= Route nationale 29 =

Road in France

The Route nationale 29 is a highway in Normandy and Picardy, northeast France. It connects the city port of Le Havre with Amiens, Saint-Quentin and the Belgian frontier. Most of the route has been superseded by the A29 autoroute.

==Route==

The road starts 52 km to the east of Le Havre at Sainte-Marie-des-Champs near Yvetot at a junction with the D 6015 (former N 14). The road (now numbered D 929 heads east crossing the A29 autoroute. It passes the town of Yerville and at Tôtes has a junction with the N 27. The road continues east until Saint-Saëns where a road joins the A 28. The old road is now numbered the D 929 and passes through the town and Forêt d’Eawy. The road joins the old N 28 (now D 928) and heads into the town of Neufchâtel-en-Bray.

North east of Neufchâtel the former N 29 recommences-s at a junction with the A29 autoroute and D 928. Thereafter the road is numbered the D 929 until the town of Aumale where it becomes the D 1029. The road by-passes to the north of the town of Poix-de-Picardie and then turns north-east into the city of Amiens.

The road leaves Amiens to the south-east along the Avre valley before turning east in a long straight road through Villers-Bretonneux and close to a 1st World War memorial to the Australian Army. The road crosses the A1 autoroute at Estrées-Deniécourt. It then passes the old N 17 (now D 1017) and the Canal de la Somme. The road passes more war cemeteries before entering the town of Saint-Quentin over the A26 autoroute. Between Amiens and Longueau, it was the former N 35 and between Longueau and Saint-Quentin, the former N 336.

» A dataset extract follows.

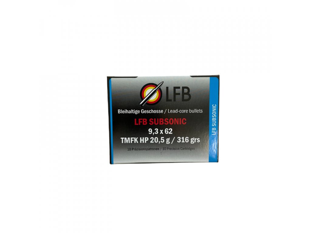LFB Subsonic 9,3×62 TMFK HP 20,5g je špeciálne podzvkové strelivo vyvinuté pre lov poľovníkov, vzhľadom na ich mierne sploštenú špičku a tenkostenný plášť v prednej časti. Podzvuková munícia eliminuje hluk je ťažšia a zmenšuje hluk v ústí hlavne kvôli svojej nižšej rýchlosti. Je to len jeden zo spôsobov, ako zmierniť hluk. Toto strelivo sa používa v kombinácií s tlmičom hluku. Riadená a spoľahlivá okamžitá deformácia nastáva v prípade zásahu . Je veľmi dôležité, aby strelivo navrhnuté pre lovecké účeli vykazovalo hlavne smerovú stabilitu a prenos energie náboja rovnomerne k cieľu po celej dráhe. Toto je zabezpečené použitím dvojadrových striel, kvôli vyššej hmotnosti a rýchlosti. Pri výrobe TM PP je použitá technológia lepeného jadra, ktorá sa už roky osvedčila. Táto technológia zabraňuje odtrhnutiu úlomkov zo strely. Zaisťuje tak dokonalý smer a zabraňuje kontaminácii tela zveriny s časticami olova. Zvyšková hmotnosť strely je 99% až 100%. Použitím tohto streliva zachováte vysoko kvalitnú zverinu bez podliatia aj v prípade nárazu do kosti. Plášť zo špeciálnej zliatiny Tombak, minimalizuje znečistenie hlavne a zabezpečuje optimálnu deformáciu. Najtichšie zo všetkého je použiť tlmič v kombinácií s podzvukovou muníciou, ktorá dokáže zredukovať zvuk streľby na minimum.
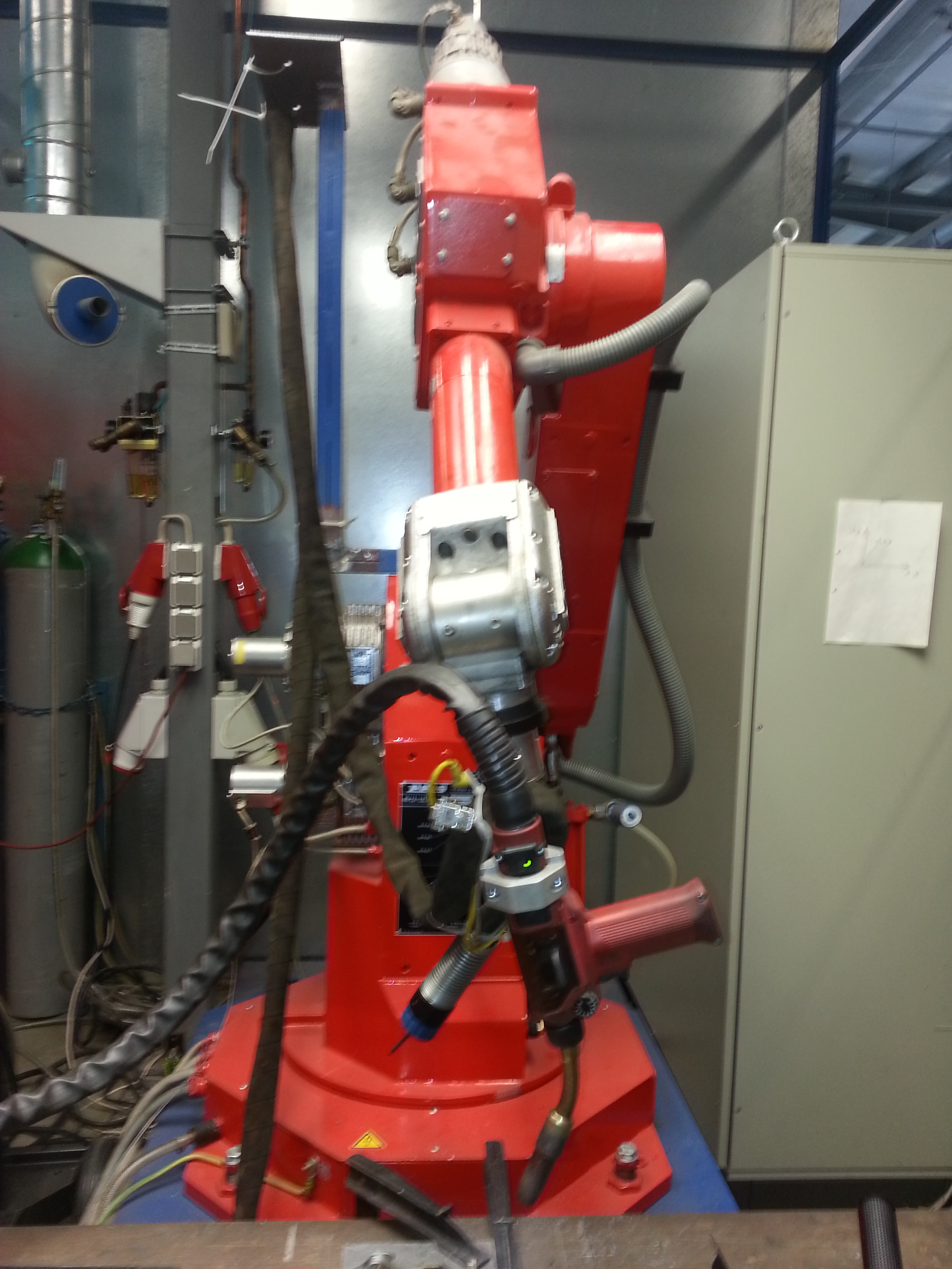 Hier mal ein Bild von dem Schweißroboter. Er besitzt alle sechs Freiheitsgrade: Wenn das Drehen des Fotos um 90 Grad nicht funktioniert, dann deutet es an. Danach würde ich es noch mal in richtiger Ausrichtung versuchen zu posten.

The road continues over the Somme (still numbered the D 1029) and is now also numbered E 44. The roads cross the Canal de la Sambre à l’Oise. It turns north-east to the town of Guise crossing the River Oise. The road crosses the Forêt du Nouvion before entering the town of La Capelle and a junction with the D 1043 and N 2 close to the frontier with Belgium. Between Saint-Quentin and La Capelle, the road was numbered N 30 before.

At its creation, the N 29 had a different itinary east of Amiens. It was heading to Albert and Bapaume (now as D 929). Then it was heading to Cambrai (now as D 930 in Pas-de-Calais and as D 630 in Nord). Then, to Bouchain, Valenciennes and to the Belgian border (now still as D 630).